--- TASK INSTRUCTIONS ---
Transcribe the entries below exactly, starting with the line that has "Step into a" and stopping after the line that has "Bibbulmun Manilla Divider A4 5 Tab Brights"; no pictures belong in the copy.

--- AVAILABLE RECORDS ---
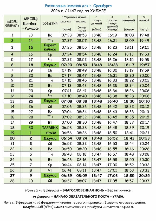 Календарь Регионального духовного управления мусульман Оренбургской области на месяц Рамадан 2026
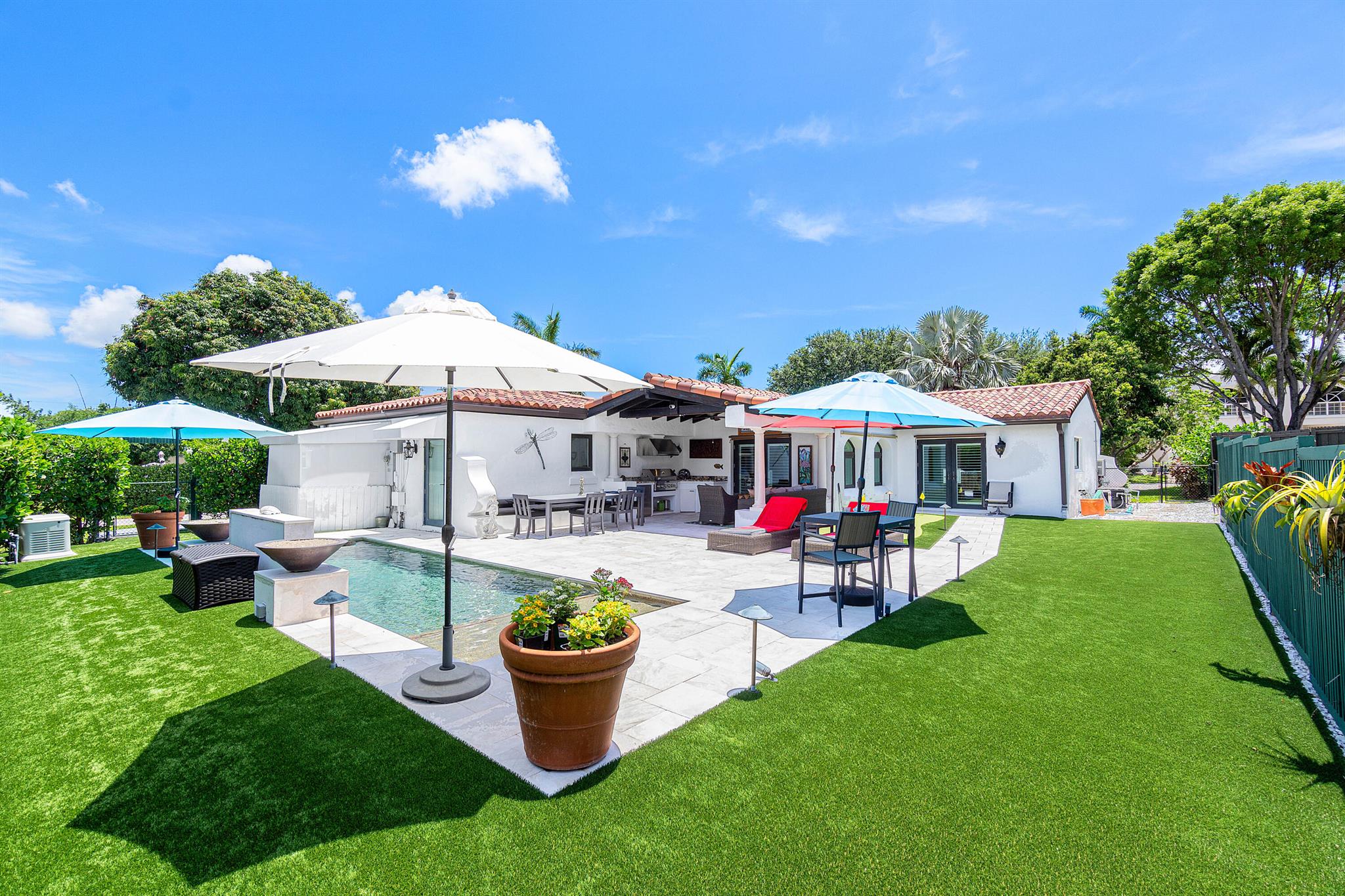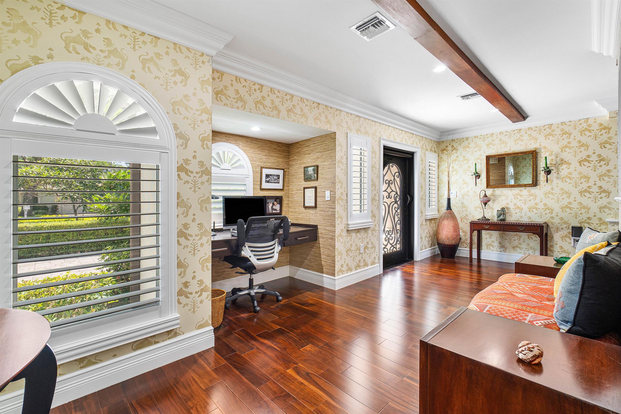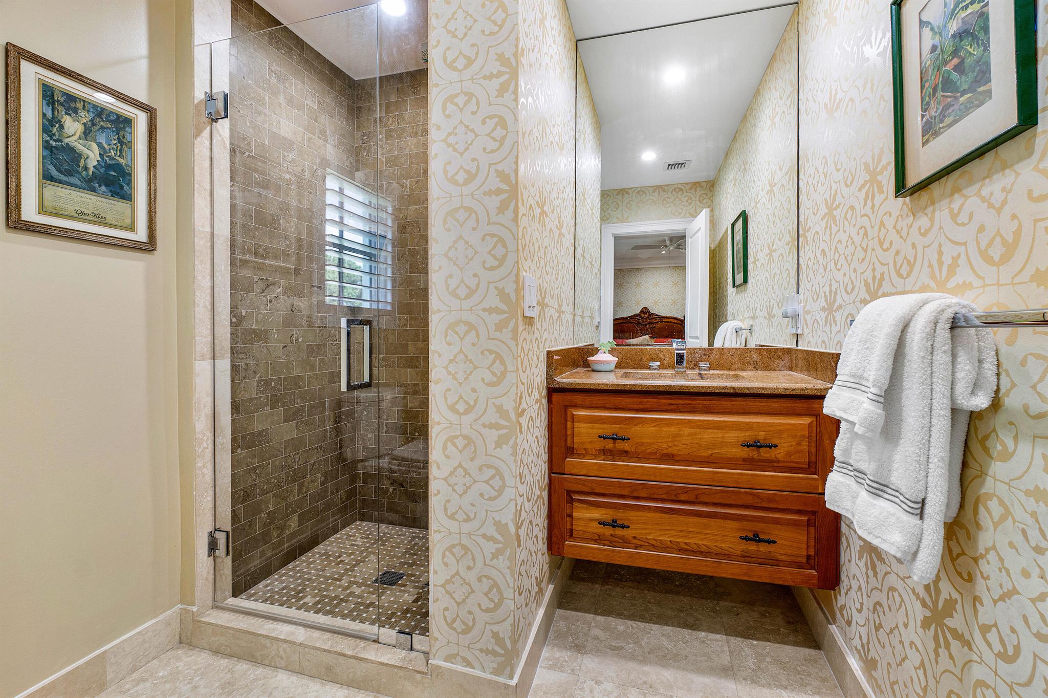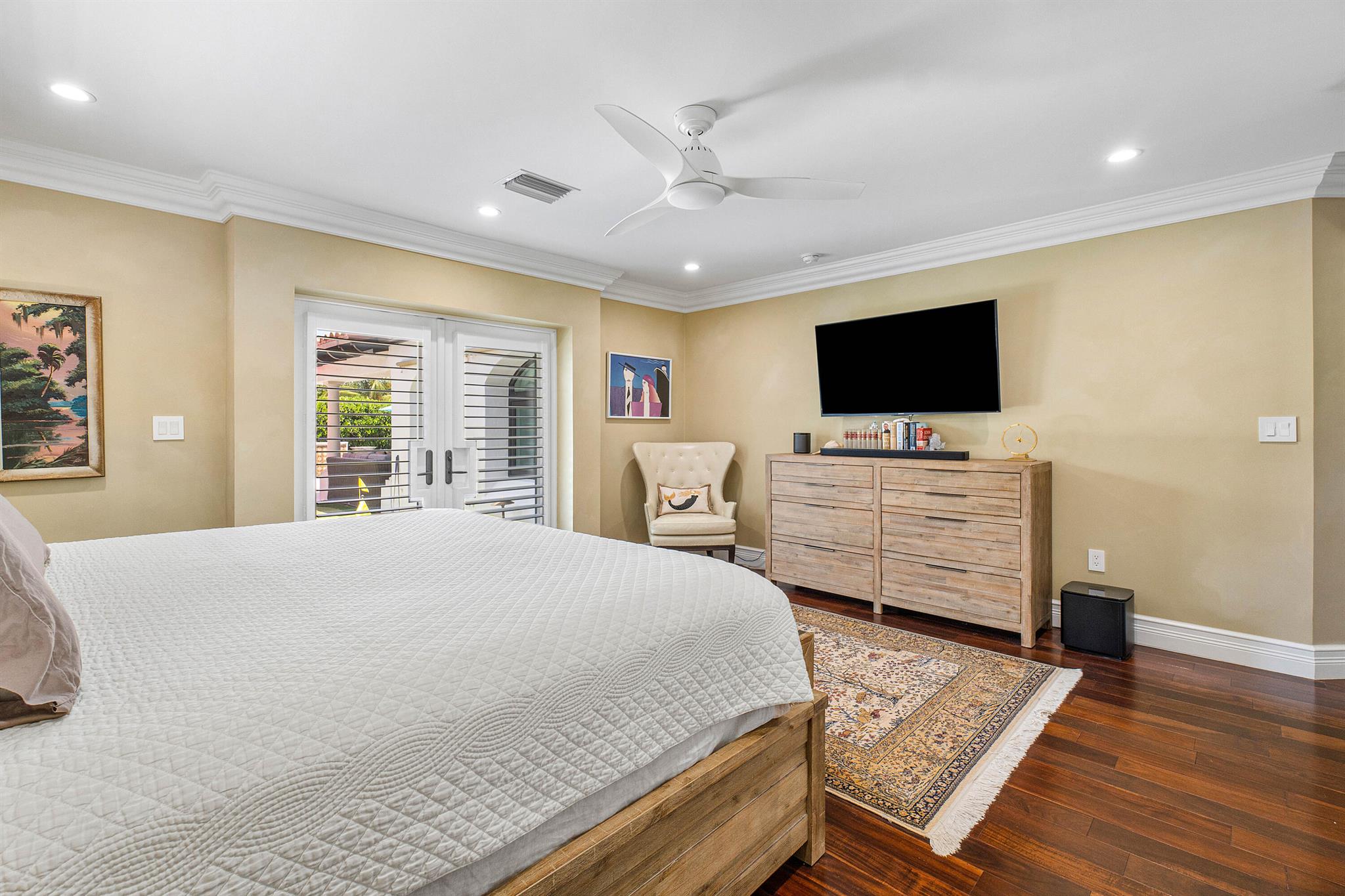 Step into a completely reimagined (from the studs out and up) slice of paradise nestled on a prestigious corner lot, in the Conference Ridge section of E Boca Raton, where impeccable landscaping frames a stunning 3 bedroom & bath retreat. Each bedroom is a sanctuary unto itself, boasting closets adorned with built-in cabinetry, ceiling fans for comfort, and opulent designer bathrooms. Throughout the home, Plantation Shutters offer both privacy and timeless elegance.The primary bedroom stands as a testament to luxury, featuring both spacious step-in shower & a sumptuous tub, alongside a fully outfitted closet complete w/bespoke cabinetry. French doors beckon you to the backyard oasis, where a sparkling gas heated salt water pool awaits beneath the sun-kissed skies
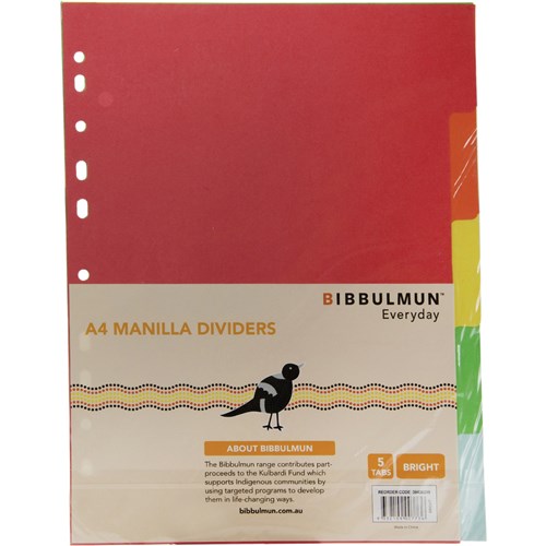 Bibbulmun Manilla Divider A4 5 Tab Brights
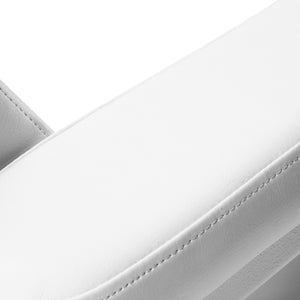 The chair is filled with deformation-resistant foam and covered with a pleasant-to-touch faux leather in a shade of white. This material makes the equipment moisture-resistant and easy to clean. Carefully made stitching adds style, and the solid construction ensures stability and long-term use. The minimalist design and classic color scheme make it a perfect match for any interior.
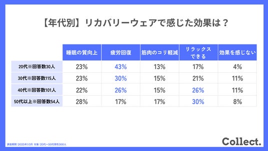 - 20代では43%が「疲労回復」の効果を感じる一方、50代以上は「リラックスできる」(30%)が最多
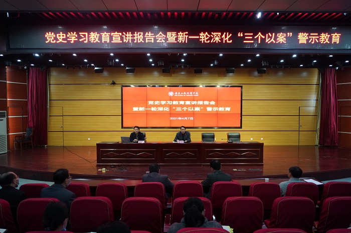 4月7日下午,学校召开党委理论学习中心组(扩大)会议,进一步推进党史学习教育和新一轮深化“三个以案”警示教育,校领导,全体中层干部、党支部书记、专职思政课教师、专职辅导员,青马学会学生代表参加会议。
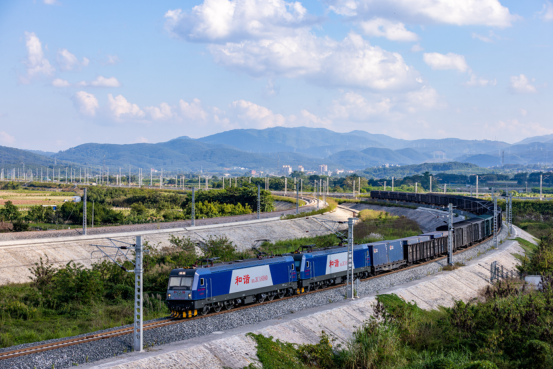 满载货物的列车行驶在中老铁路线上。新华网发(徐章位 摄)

--- TASK ANSWER ---
 Step into a completely reimagined (from the studs out and up) slice of paradise nestled on a prestigious corner lot, in the Conference Ridge section of E Boca Raton, where impeccable landscaping frames a stunning 3 bedroom & bath retreat. Each bedroom is a sanctuary unto itself, boasting closets adorned with built-in cabinetry, ceiling fans for comfort, and opulent designer bathrooms. Throughout the home, Plantation Shutters offer both privacy and timeless elegance.The primary bedroom stands as a testament to luxury, featuring both spacious step-in shower & a sumptuous tub, alongside a fully outfitted closet complete w/bespoke cabinetry. French doors beckon you to the backyard oasis, where a sparkling gas heated salt water pool awaits beneath the sun-kissed skies
 Bibbulmun Manilla Divider A4 5 Tab Brights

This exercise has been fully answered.